*Instructions to follow:* Exactly retype the lines below from the one containing "Этот топ-топ на" through the end of the listing. Leave pictures out.
*** Information supplied ***
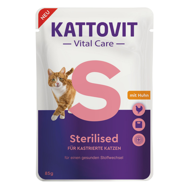 Lahodné mokré krmivo s kuřecím pro kastrované nebo sterilizované kočky, podporuje normální funkci močových cest. Kastrované kočky mají obvykle poněkud jiné požadavky na stravování. Často mívají větší nadváhu nebo se více potýkají s problémy s močovými cestami. Kattovit Vital Care Sterilised Pouches Chicken se zaměřuje přesně na tyto potřeby. Obsahuje například DL-methionin, který okyseluje moč a přispívá k normální funkci močových cest.
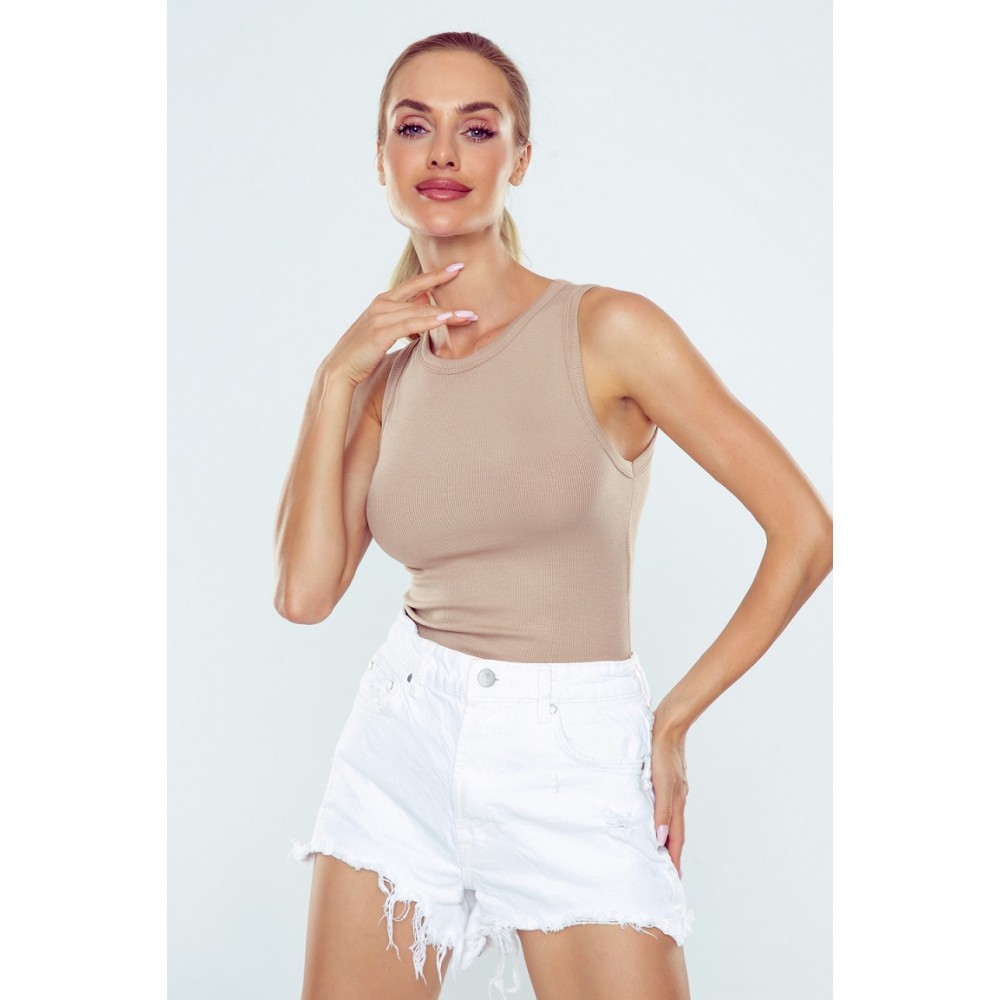 Этот топ-топ на тонких бретелях выполнен из эластичной ткани в рубчик. Вырез отделан декоративным кр..
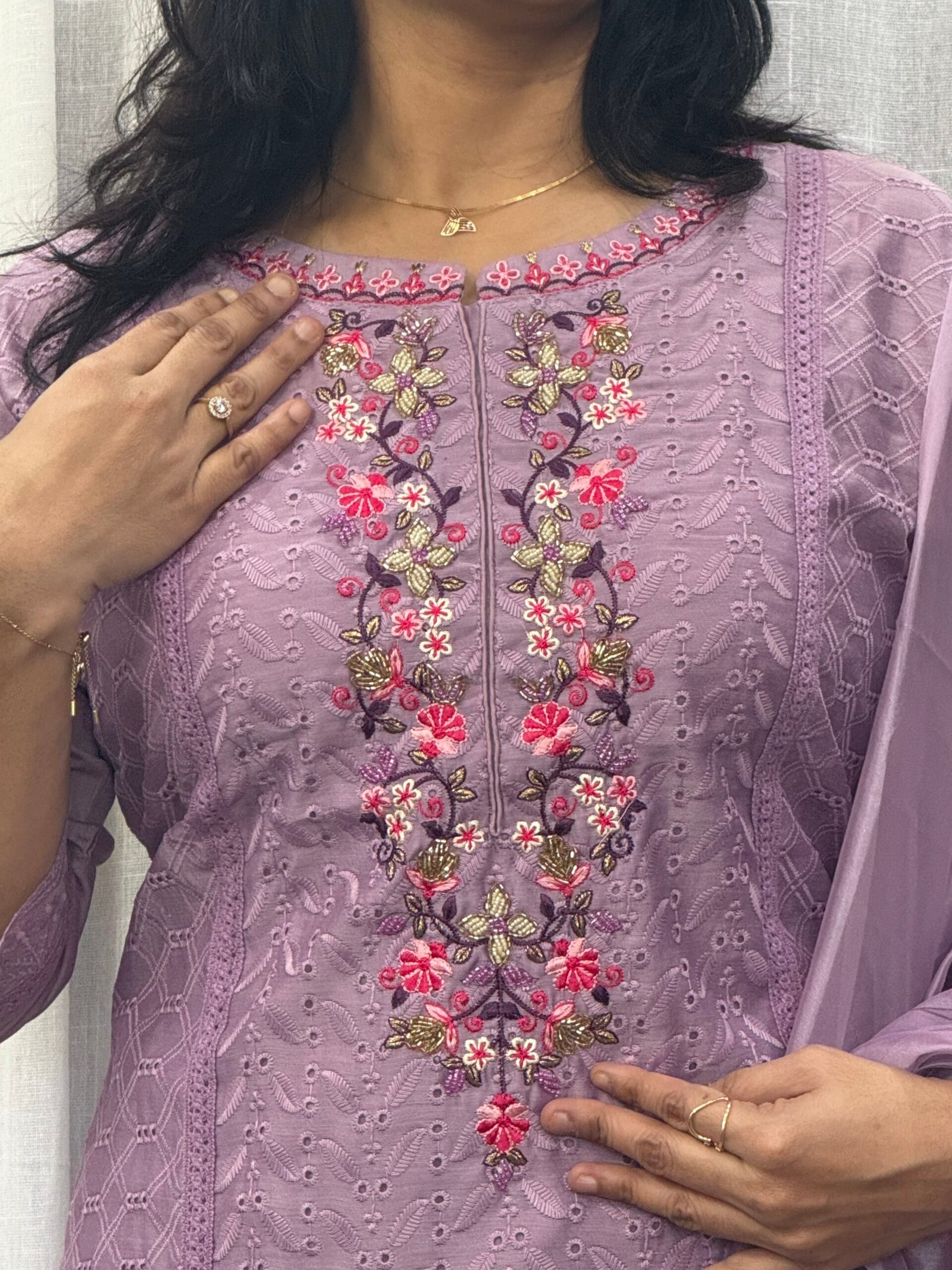 Elegant lavender Hakoba cotton 3 pc set with cotton lining, featuring cut bead and thread embroidery, closed neck design, and soft organza digital print dupatta — perfect for office and festive wear.
*** End of Information supplied ***
*Your solution:*
 Этот топ-топ на тонких бретелях выполнен из эластичной ткани в рубчик. Вырез отделан декоративным кр..
 Elegant lavender Hakoba cotton 3 pc set with cotton lining, featuring cut bead and thread embroidery, closed neck design, and soft organza digital print dupatta — perfect for office and festive wear.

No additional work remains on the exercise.